Evovest/EvoTrees.jl

Create MLJ-compliant doc strings

ablaom opened this issue · 5 comments

@jeremiedb Saw your recent doc PR and thought I'd flag this. I understand you may not have the bandwidth just now, but should be aware there is now an "official" format for these strings, so you don't work against it unwittingly.

Would you have reference / example regarding these docstring format?

Yes, we have both. See https://alan-turing-institute.github.io/MLJ.jl/dev/adding_models_for_general_use/#Document-strings .

If you also have a "native" interface for your MLJ objects, this can of course be worked into the doc string. Happy to review

@ablaom If you have time, let me know what you think of https://evovest.github.io/EvoTrees.jl/dev/. Models in particular are found under the Models section.

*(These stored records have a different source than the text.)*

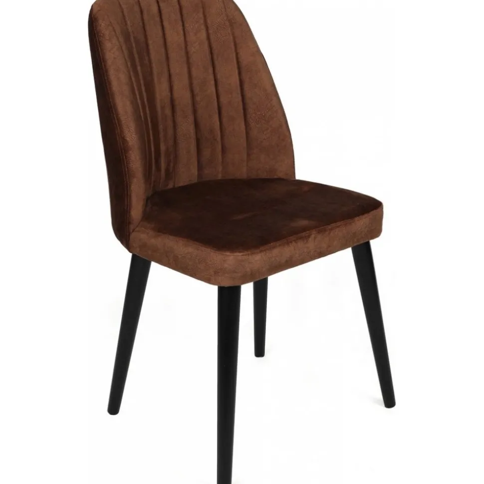 Matstol av metall med klädsel av sammet och ben av avenbok.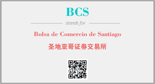 英文缩略词“BCS”经常作为“Bolsa de Comercio de Santiago”的英文缩写来使用,中文表示:“圣地亚哥证券交易所”。本文将详细介绍英文缩写词BCS所代表英文单词,其对应的中文拼音、详细解释以及在英语中的流行度。此外,还有关于缩略词BCS的分类、应用领域及相关应用示例等。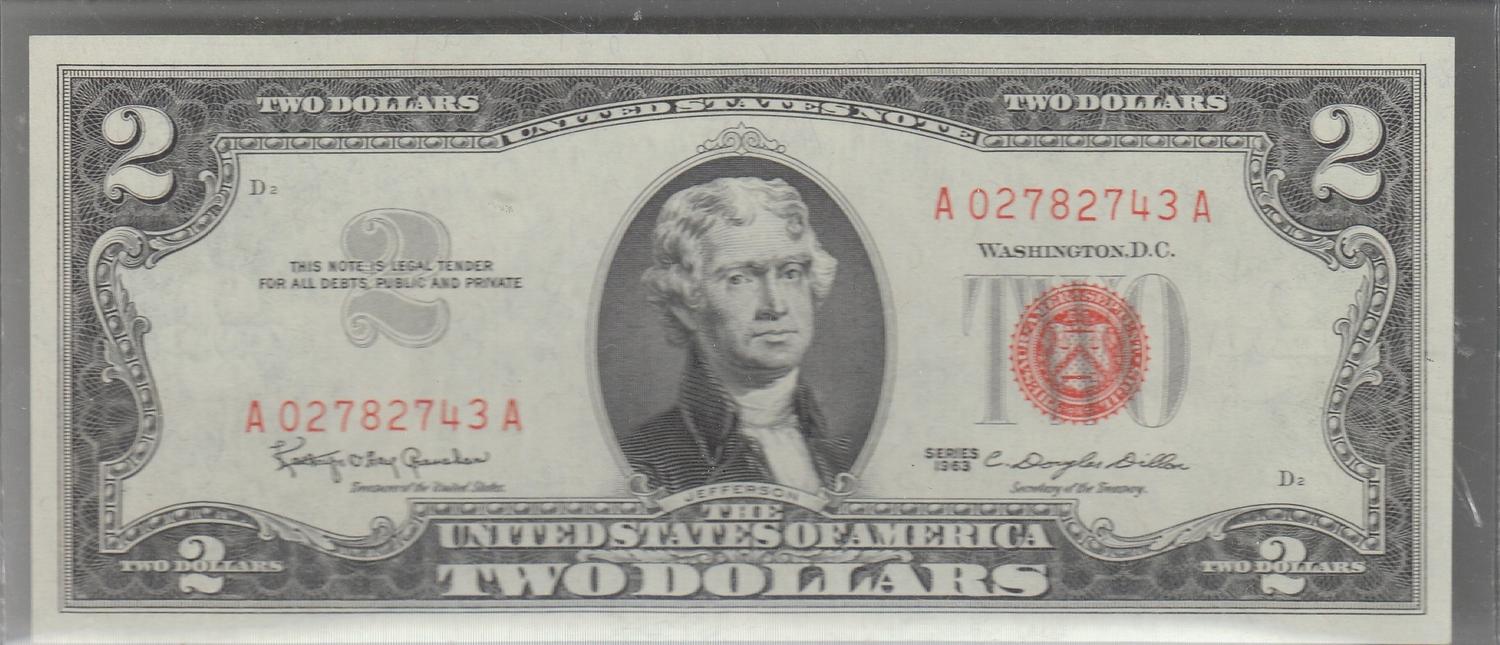 BOLD UNCIRCULATED $2 RED SEAL LEGAL TENDER 1963

Working out the docs, I had a few observations:

  • StatsBase overloading for predict, predict!, fit, fit!. My understanding is that it's a best practice to import methods from more generic base methods when possible to avoid name conflicts. It seems like importing these functions from StatsBase would be an applicable scenario.
  • Models terminology: that's a trickier one to tackle as it's somewhat engrained in the MLJ syntax, yet I have discomfort about what is referred to as a model. For example, whether it's EvoTreeRegressor, GLM's LinearRegressor or MLJFlux's NeuralNetworkClassifier, I have a hard time associated these structs with "models". For example, none of these so called "models" could be used with the StatsBase's predict(model, X), which is also found both in R and Pythons worlds. I feel there's some ambiguity in MLJ world's between the above and the machine's fittedresults. It seems to come up also explicitly with the MLJFlux section title Accessing the Flux chain (model). I think it would be interesting to get other users perception on that matter as I'd tend to associate the notion of model with the GBTree object, or the fitted results of GLM or the Flux's chain. I pointed this out as I recall reading some time ago you were looking for some simplification refactoring and I thought this may be a little piece of that challenging puzzle.

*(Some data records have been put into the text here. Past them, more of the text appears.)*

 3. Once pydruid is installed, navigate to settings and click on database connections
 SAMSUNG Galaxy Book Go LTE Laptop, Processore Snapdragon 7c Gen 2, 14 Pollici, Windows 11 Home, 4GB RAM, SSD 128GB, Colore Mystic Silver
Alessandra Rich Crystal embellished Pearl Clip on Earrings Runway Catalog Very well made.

@jeremiedb Immensely appreciate this effort, and the feedback. Currently swamped with reviews, but I will get to this eventually. I'm guessing what you have is already can be safely assumed a big improvement, so not super urgent, right?

@ablaom If you have time, let me know what you think of https://evovest.github.io/EvoTrees.jl/dev/. Models in particular are found under the Models section.

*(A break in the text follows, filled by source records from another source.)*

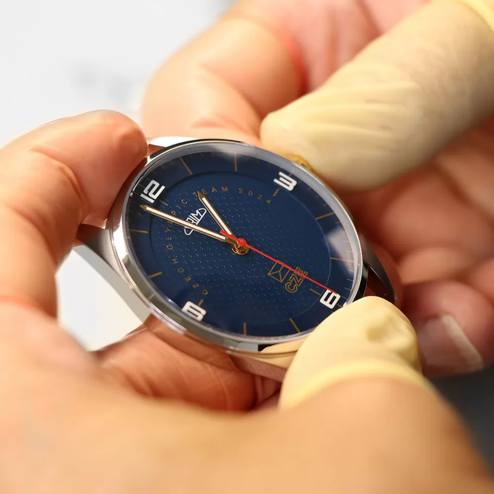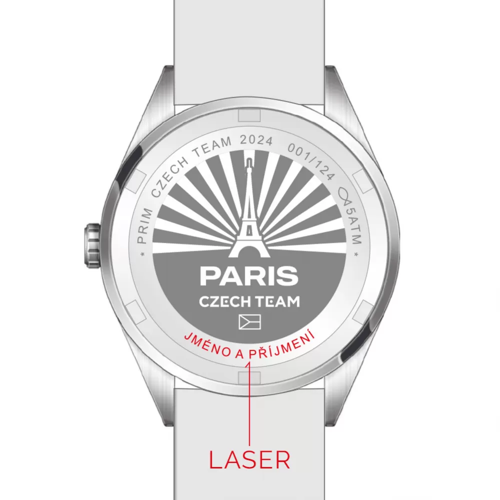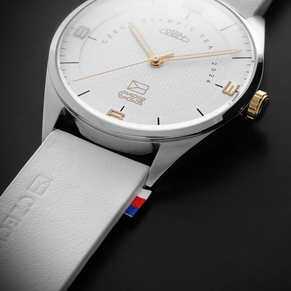 Českí reprezentanti si budú opäť merať čas originálnymi hodinkami PRIM, tentoraz pri letných olympijských hrách v Paríži 2024. Tento elegantný model, inšpirovaný históriou Českej republiky, má výrazné čísla na štyroch hodinových pozíciách a plastický ciferník s tematickou symbolikou. Po zakúpení hodiniek budú individualizované menom vlastníka, ktoré uvediete v poznámke pri objednávke, a odoslané do 1-2 pracovných dní. Dizajn ciferníka, inšpirovaný zbierkou básní Václava Havla - Antikódy, obsahuje grafiku výkričníkov a jedného otáznika, symbolizujúceho prípravy a sen o účasti na Olympijských hrách. Hodinky sú poháňané švajčiarskym quartzovým strojčekom Ronda 763 a majú púzdro z nerezovej ocele 316L s kombináciou leštených a brúsených prvkov. Zafírové vypuklé sklo s antireflexnou úpravou a vodeodolnosť 5 ATM zaisťujú odolnosť pri bežnom použití. Hodinky sú dodávané s koženým remienkom s logom CZECH TEAM a je možné dokúpiť aj športový silikónový remienok.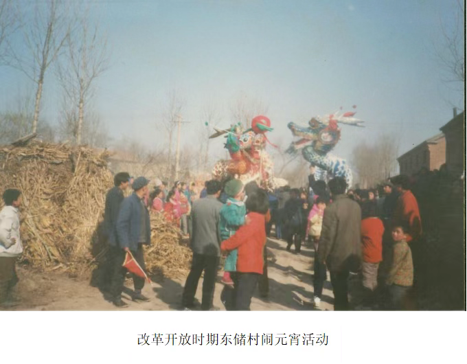 东储双龙会舞龙队由30余人组成。舞龙不仅要有技巧,且运动强度大,队员多为年轻体壮的青壮年。还要分为两至三班轮换,九节龙九人,另加舞龙珠一人。引龙者手举龙珠,龙跟着龙珠动作,上下起伏,呈"S"形滚动,还有各种结花、解花的变化,或腾跃、或滚动,或盘起、或穿插,不断展示扭、挥、仰、俯、跪、跳、摇等多种姿势。其套路有打场子、二龙戏珠、龙摆尾、单钻龙尾、双钻龙尾、蹭龙搭尾、龙搭头、懒龙翻身、大小圈、刮旋风、横搭龙、别花栅栏、扫堂腿、金龙盘玉柱、盘龙、穿龙、单地扫堂腿、双打扫堂腿、跳龙、扫场子等。舞龙时配以民族打击乐,由《瞎子放驴》《窦娥》等10余首曲目组成。
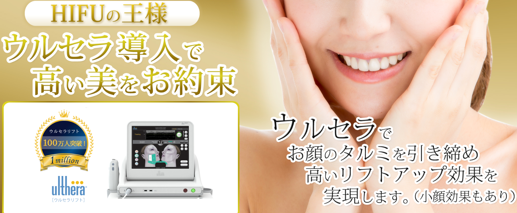 リフテラVという超音波とVIORA STというラジオ波のコンビネーションによる治療でリフトアップ、シワの改善、肌のハリ、たるみに高い効果があります。

Working out the docs, I had a few observations:

  • StatsBase overloading for predict, predict!, fit, fit!.

A conscious decision. We did not want StatsBase.jl as a dependency of MLJModelInterface.jl, which is supposed to be super lightweight. StatBase has a number of dependencies itself which we did not want to impose on implementers of our API. Is this design decision causing you some grief or just the usual inconvenience of living with some name conflicts?

My understanding is that it's a best practice to import methods from more generic base methods when possible to avoid name conflicts. It seems like importing these functions from StatsBase would be an applicable scenario.

I think there is some growing feeling that it's okay for packages to own separate methods, or at least this is increasingly difficult to avoid universally. After all, the StatsBase API for predict and fit is not the same as the MLJ API, at least for now. The transform in StatsBase is not the same as the transform in DataFrames or MLJ, and so forth.

  • Models terminology: that's a trickier one to tackle as it's somewhat engrained in the MLJ syntax, yet I have discomfort about what is referred to as a model. For example, whether it's EvoTreeRegressor, GLM's LinearRegressor or MLJFlux's NeuralNetworkClassifier, I have a hard time associated these structs with "models". For example, none of these so called "models" could be used with the StatsBase's predict(model, X), which is also found both in R and Pythons worlds. I feel there's some ambiguity in MLJ world's between the above and the machine's fittedresults. It seems to come up also explicitly with the MLJFlux section title Accessing the Flux chain (model). I think it would be interesting to get other users perception on that matter as I'd tend to associate the notion of model with the GBTree object, or the fitted results of GLM or the Flux's chain. I pointed this out as I recall reading some time ago you were looking for some simplification refactoring and I thought this may be a little piece of that challenging puzzle.

I understand the objection, but I feel this is one of those terminological decisions it is difficult to get consensus about. In any case, I think that boat has sailed as far as MLJ is concerned. I think the docs are pretty consistent within MLJ, no? I mean "In MLJ a model is ..." is scattered pretty ubiquitously in the docs and tutorials, no?